Safari's choice to automatically download a file with an unknown content type is silly but Windows willingness to execute random executables without user intervention is down right CRAZY!

[Thomas, David]

Well, I'm a HUGE Apple fan, but this problem is Apples. The version of Safari should account for the fact it is running on top of a Microsoft Windows operating system. If the user can easily disable the threat, with the simple click of an option, then it should be no problem for Apple to provide fix, that makes the Windows user experience as less threatening as a Mac users experience.


Apple can, and should, provide this simple fix.

[Riquez-001]

I too think Apple should avoid software for Windows. It can only go badly. However, they do have a dilemma. Firstly they have to provide Windows versions of things like iTunes.
Secondly, they want to provide at least one piece of software for Windows that is not device specific, so Win users can try Apple software - a browser makes sense.
I don't think Apple want to enter the Windows software scene at all, they want to convert Windows users to OS X users.

[crisplusplus]

apple has the option to build a windows native product and follow the windows developing guideline, it didn't. Thats a wrong decision from start, can't blame others.

[solitare_pax]

I'm a Mac user, and I tend to prefer Firefox myself.

Apple ought to fix this problem, that's for sure, otherwise no one will want their stuff. And bravo to Microsoft for pointing out a competitor's problem - now can they please go and get their own house in order instead of buying up another company?

[JLDSeattle]

My opinion it is both products fault. The web product should not allow users to download files without them clicking to accept the download. And it is windows fault for not warning the user that this is a downloaded file from the internet do you want to open.
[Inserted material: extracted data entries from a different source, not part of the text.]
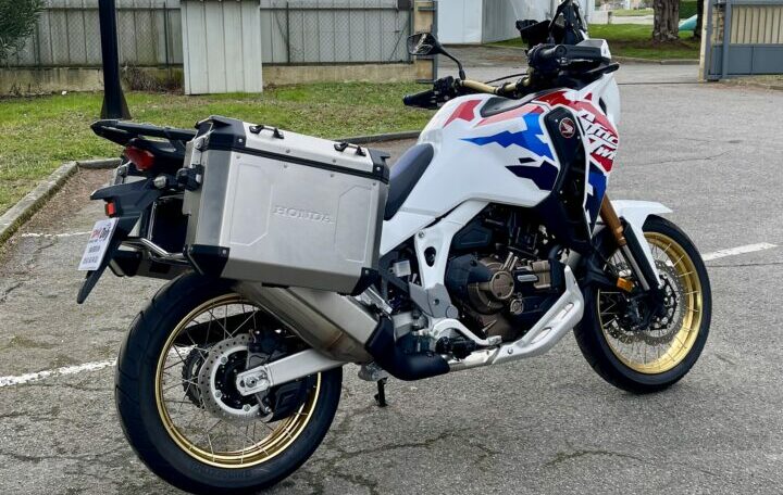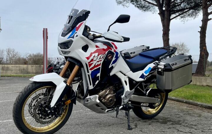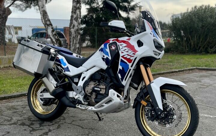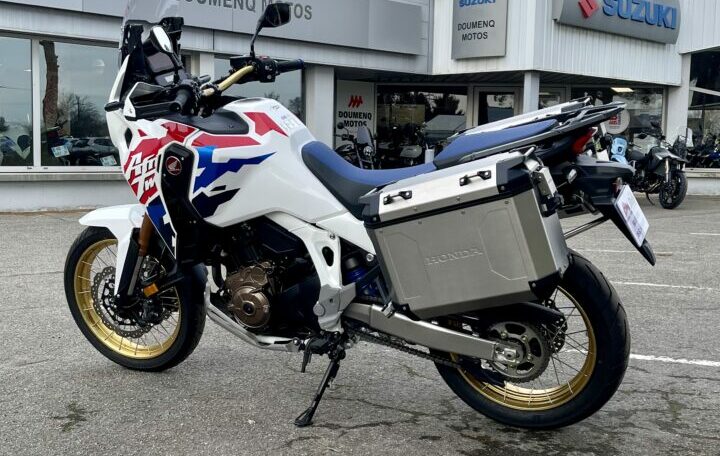 HONDA CRF1100 AFRICA-TWIN ADVENTURE DCT ABS, 1591 kms, couleur tricolore, entretien à jour, carnet et manuel du conducteur, double de clé, garantie et assistance constructeur jusqu’au 24/04/2031, avec Pack valises latérales aluminium origine Honda, chez Doumenq motos,
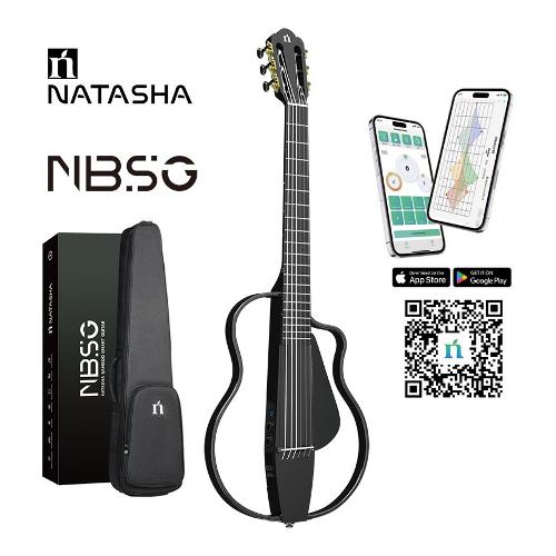 La silent guitar Natasha NBSG Nylon è una chitarra classica silent con corde in nylon dotata di un potente sistema di preamplificazione intelligente. Il sistema può essere collegato a una app dedicata che offre una vasta gamma di potenti funzionalità aggiuntive. Il sistema è alimentato da una batteria al litio che garantisce una lunga durata. Sono presenti la port Jack 6,3mm e Jack 3,5 mm.
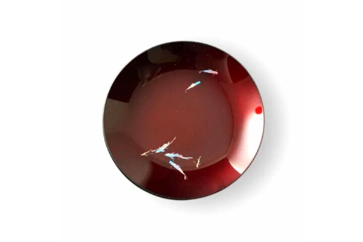 ガラスの裏面から特殊漆を意匠付けし、特殊食器洗浄機対応コートで漆をカバーしている漆器です。
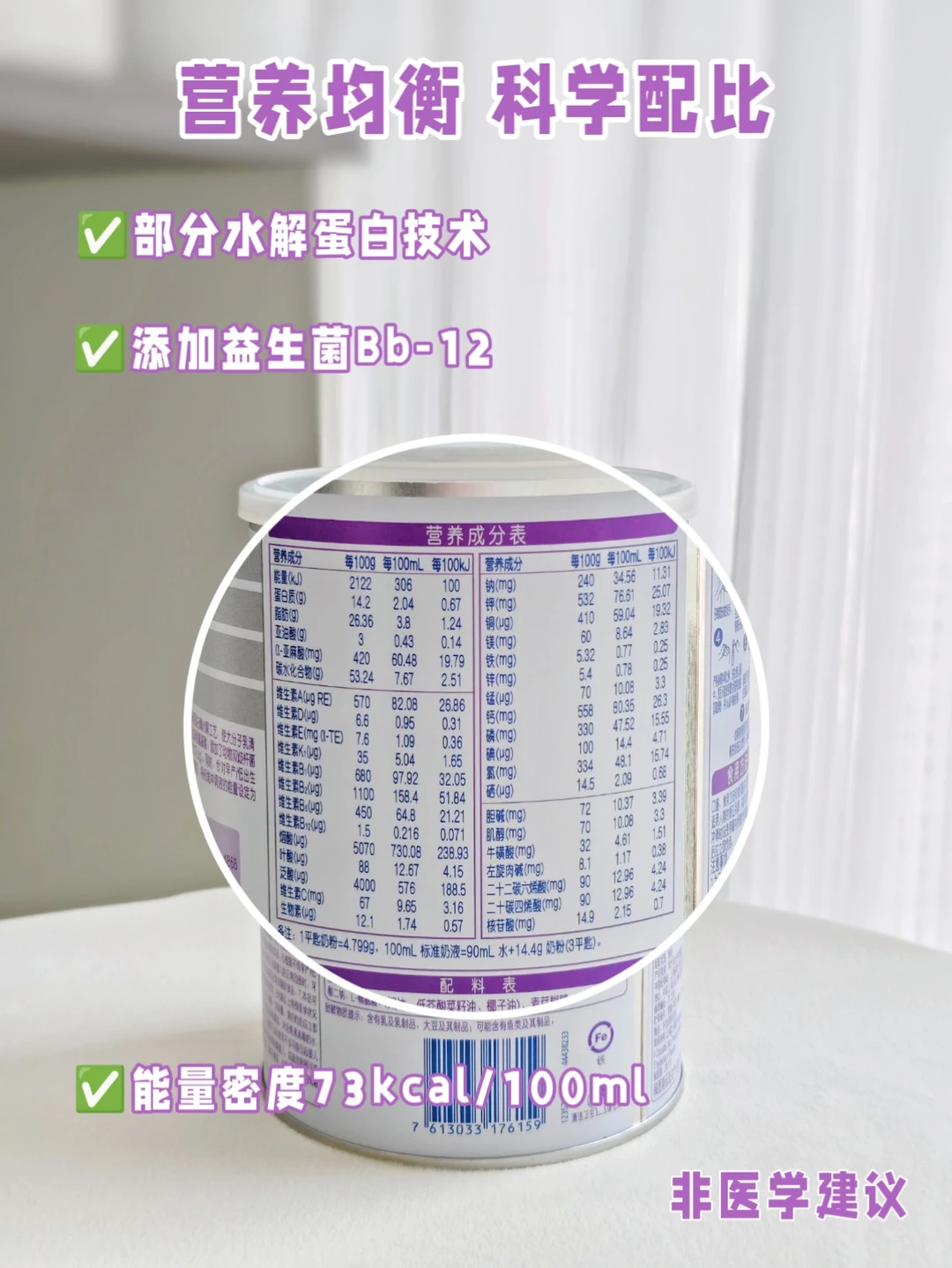 并且它采用的是部分水解蛋白技术,[氛围感R]把难消化的大分子蛋白切成更容易吸收的小分子,还添加了益生菌Bb-12,帮助吸收的同时建立肚肚稳定的环境~口感很清甜,宝宝一下就接受了这个味道!

When I download something on my Mac when I try to open it a dialog box comes up warning me that this file was downloaded from the internet. If Safari isn't tagging the file as downloaded from the internet (which it should or it should follow standard pratices for any web browser) then MS shouldn't allow the file to execute unless the user explicitly requests the file to execute. And if it is installing files then it should require a username and password.

[anonymous x]

Have you ever heard of UAC in windows vista?
It popups whenever someone wants to install itself.
but apparently, most people hate that feature.
do you get the point why people turn this feature off?
cause it drives people nuts (i leave it on though, it doesn't bother me)
so that's why unwanted software downloaded from safari runs on windows without user intervention- cause if the user intervents, they complain its annoying.

People are going to bash microsoft no matter what, on any feature.
if windows allows software to run without the user knowing, the users complain about security.
if the user has the agree every single time something is installed, they complain about that also.

[open-mind]

It's in Apple's best interests to fix this security issue. It would be easy to do, plus the long-term success of Safari (as well as Firefox) will help eliminate Microsoft's IE browser monopoly. Then Microsoft will be required to follow web standards (instead of inventing their own), leveling the playing browser field. It's a no-brainer for Apple ... fix this issue ASAP.